Pay Equity Obligations for Small Businesses in Ontario

If your Ontario business has 10 or more employees, you have pay equity obligations. Here is what Oxford County employers need to know.

Feb 12, 2025 · 6 min read

Many growing businesses in Oxford County are surprised to learn that Ontario’s Pay Equity Act applies to all employers with 10 or more employees. Whether you are in manufacturing, agriculture, healthcare, or professional services, pay equity compliance is not optional.

What the Pay Equity Act requires

The Act requires employers to compare pay between male-dominated and female-dominated job classes.

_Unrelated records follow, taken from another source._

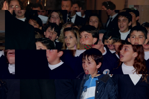 Auf dem Kirchplatz stand schon das Gestell für den schweren Thron, den Paso, bereit. Die Kinder kamen als erste aus der Kirche, Jungen zogen Mädchen an den Röcken und bekamen dafür so manchen Puffer zurück. Doch da kam er schon - der schwer Paso, geschultert von etlichen Männern, die ihn mit vor Anstrengung roten Köpfen zu dem Gestell trugen. Dort hatte die Schlepperei ein Ende, denn das Gestell hatte Rollen, die unter dem herabhängenden Stoff verborgen waren. Noch einmal tief Luft geholt, denn jetzt mussten die Nazarenos ihre Kapuzen aufsetzen und die Prozession setzte sich im Gleichschritt in Bewegung, an deren Schluss der Geistliche ging.Wir wechselten zur Parroquía Santa Maria, im christlichen Viertel, wo nun die Hauptprozession ihren Ausgang nehmen sollte. Aber noch war es nicht so weit, die Christusfigur in einem Glassarg stand noch in der Kirche. Der Menschenauflauf war hier entschieden größer, mehrere Bruderschaften mit verschiedenfarbigen, bestickten Gewändern und Musikkapellen warteten vor der Kirche, jede Cofradía hatte seinen eigenen Paso. Aus einer Gasse kam ein Kinderchor. Die Kinderaugen schauten aufmerksam auf ihren Dirigenten und sangen voller Inbrunst.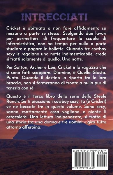 Cricket è abituata a non fare affidamento su nessuno a parte se stessa. Svolgendo due lavori per permettersi di frequentare la scuola di infermieristica, non ha tempo per nulla a parte studiare e pagare le bollette. Quando tre cowboy sexy le regalano una notte indimenticabile, crede si tratti solamente di quello. Una notte. Per Sutton, Archer e Lee, Cricket è la ragazza che si sono fatti scappare. Diamine, è Quella Giusta. Punto. Quando il destino la riporta tra le loro braccia, non si fermeranno di fronte a nulla pur di tenerla con sé. Questo è il terzo libro della serie dello Steele Ranch. Se ti piacciono i cowboy sexy, tu (e Cricket) ve ne beccate tre in questo volume. Sono sexy, sanno esattamente cosa vogliono e niente li ostacolerà. Una lettura indipendente, si tratta di una storia tra una donna e tre uomini – gira tutto attorno all’eroina.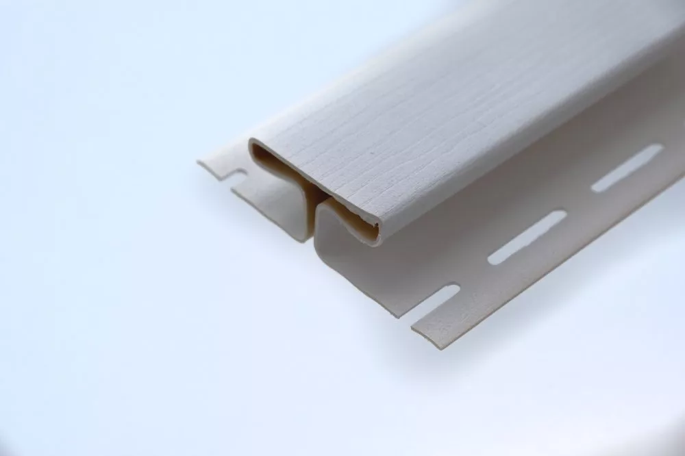 Когда длины панели сайдинга недостаточно для отделки фасада от угла до угла, монтаж отделки производится с использованием профиля H-Trim. Он скрывает место вертикального стыка двух панелей, который невозможно выполнить заподлицо, поскольку необходимо соблюдать тепловой зазор.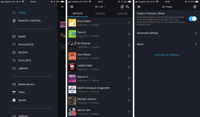 Er is echter nog een tweede app; de KEF Stream-app. Hiermee kun je de muziekbronnen uit het netwerk of streamingdiensten selecteren en bedienen. Je gebruikt deze app met name wanneer je muziek van Tidal of een eigen DLNA-server afspeelt. Gebruik je Spotify dan kom je toch snel in de Spotify-app terecht en kies je hier de LSX om de muziek op af te spelen. Gebruik je Apple Music dan is de kans groot dat je gewoon Apple’s AirPlay gebruikt om direct naar de LSX te streamen. Het is een toegangspoort tot content maar dus met name voor diegenen die muziek vanaf een eigen server willen weergeven. De app is strak vormgegeven, werkt soepel en biedt een goed overzicht van al je media.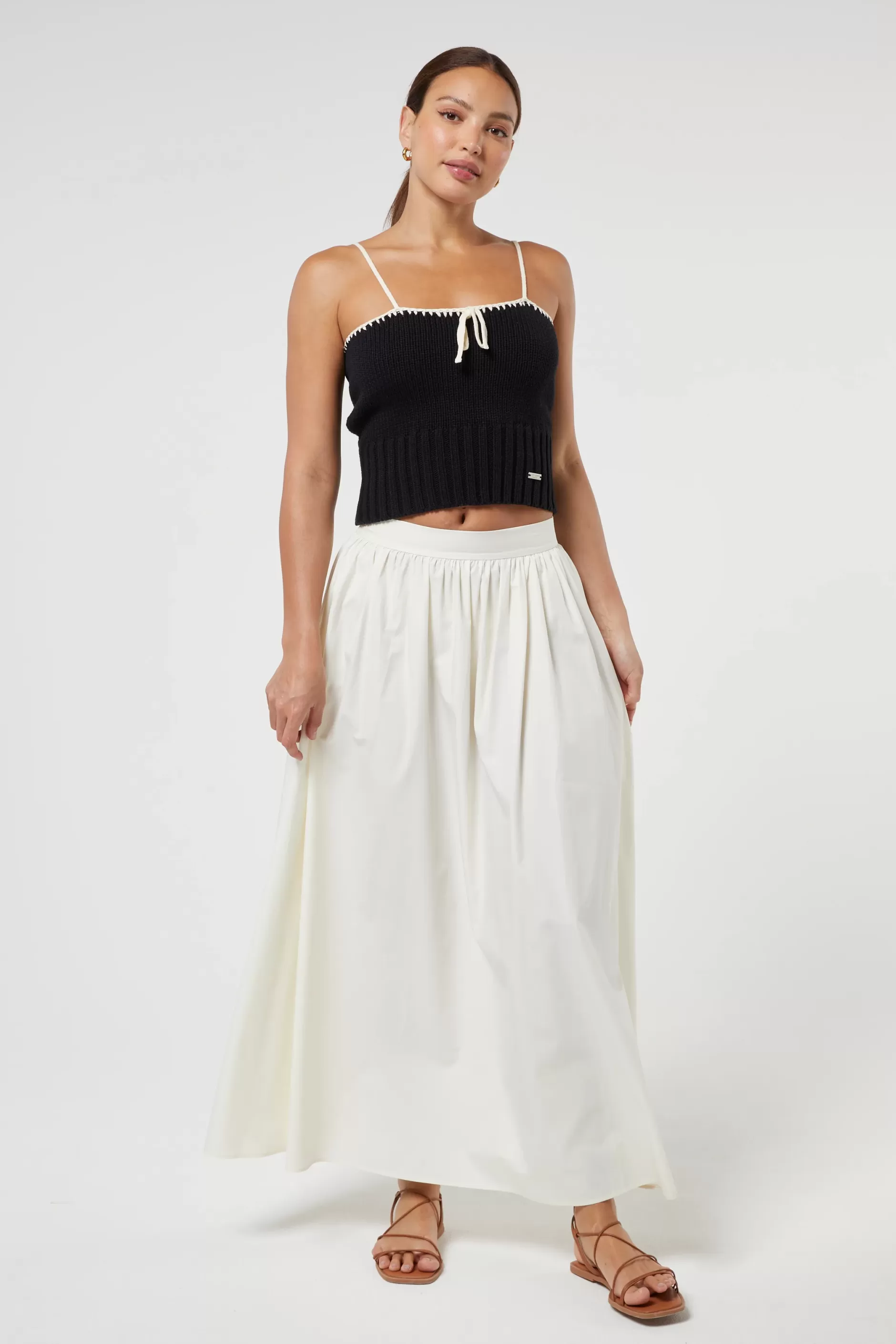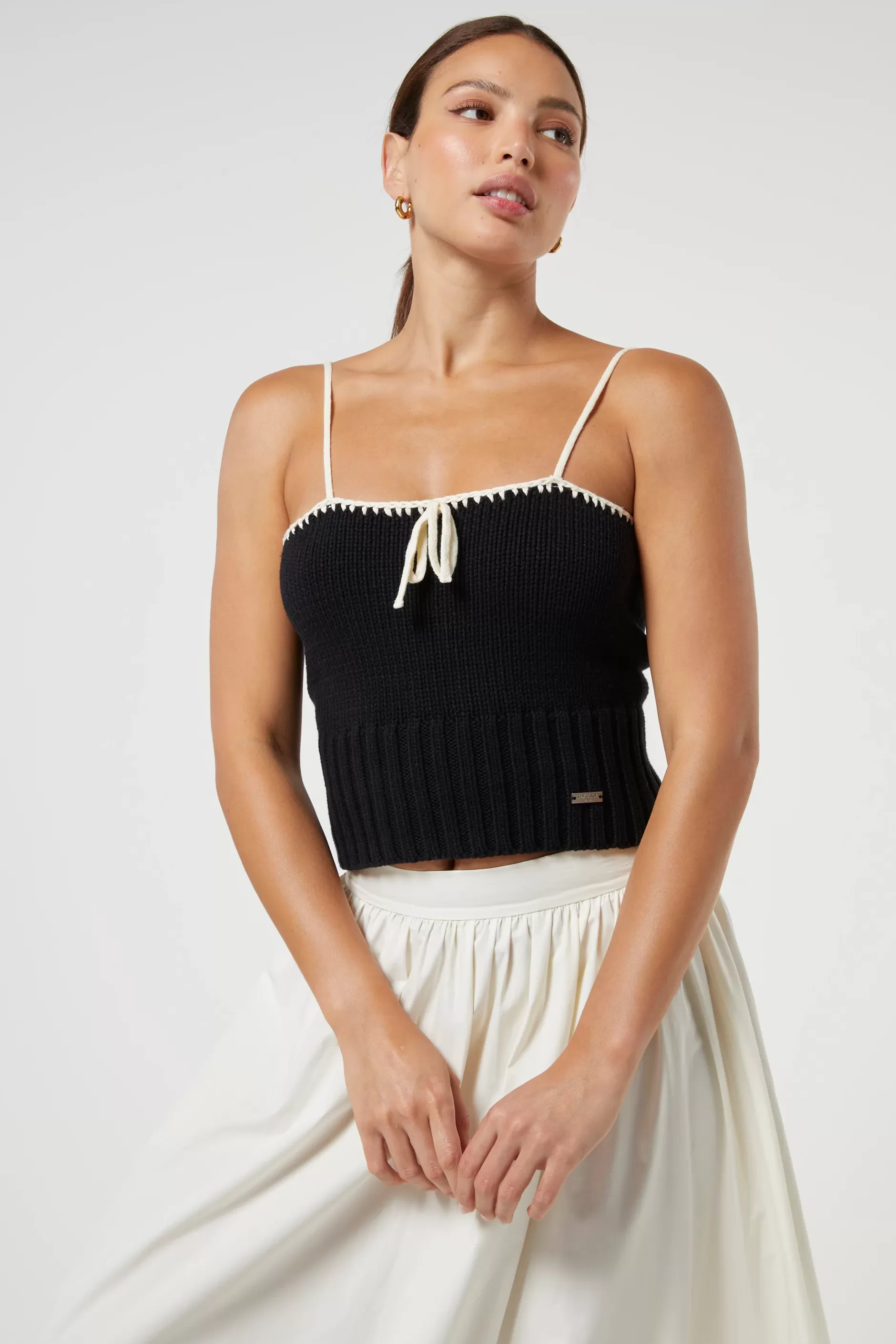 Made with 100% cotton and a tie detailing at the front, this Jaya top is a must-have addition to your wardrobe. The strap ribbed top is soft, flattering and a must have in all wardrobes.

Where female-dominated classes are paid less for work of equal or comparable value, employers must adjust compensation.

Key requirements include:

  • Identifying job classes and determining gender predominance
  • Evaluating jobs using a gender-neutral comparison system based on skill, effort, responsibility, and working conditions
  • Calculating and implementing pay equity adjustments
  • Maintaining pay equity over time as roles and compensation change

Common gaps in Oxford County businesses

No formal job evaluation system

Many small employers set pay based on market rates, negotiation, or tenure. While understandable, this approach creates inconsistencies that the Act is designed to address.

Assuming compliance because pay seems fair

Pay equity is not about intent — it is about structure. Even well-meaning employers can have systemic gaps when pay decisions are made informally over time.

Not maintaining pay equity after initial compliance

Pay equity is ongoing. New hires, promotions, restructuring, and market adjustments can all affect compliance. Regular review is required.

Practical steps to get started

  1. Map your workforce — identify all job classes and determine gender predominance
  2. Evaluate roles — use a consistent, gender-neutral method to compare job value
  3. Analyze pay — identify gaps between comparable male and female job classes
  4. Build a plan — prioritize adjustments and document your approach
  5. Review regularly — add pay equity checkpoints to your annual HR cycle

Why this matters for retention

Beyond compliance, structured compensation builds trust. Employees in Oxford County’s competitive labour market are more likely to stay with organizations where pay decisions are transparent and defensible.

Leadership takeaway

Pay equity compliance protects your organization from legal risk and strengthens your reputation as a fair employer. For Oxford County businesses approaching or exceeding 10 employees, starting early makes the process manageable and cost-effective.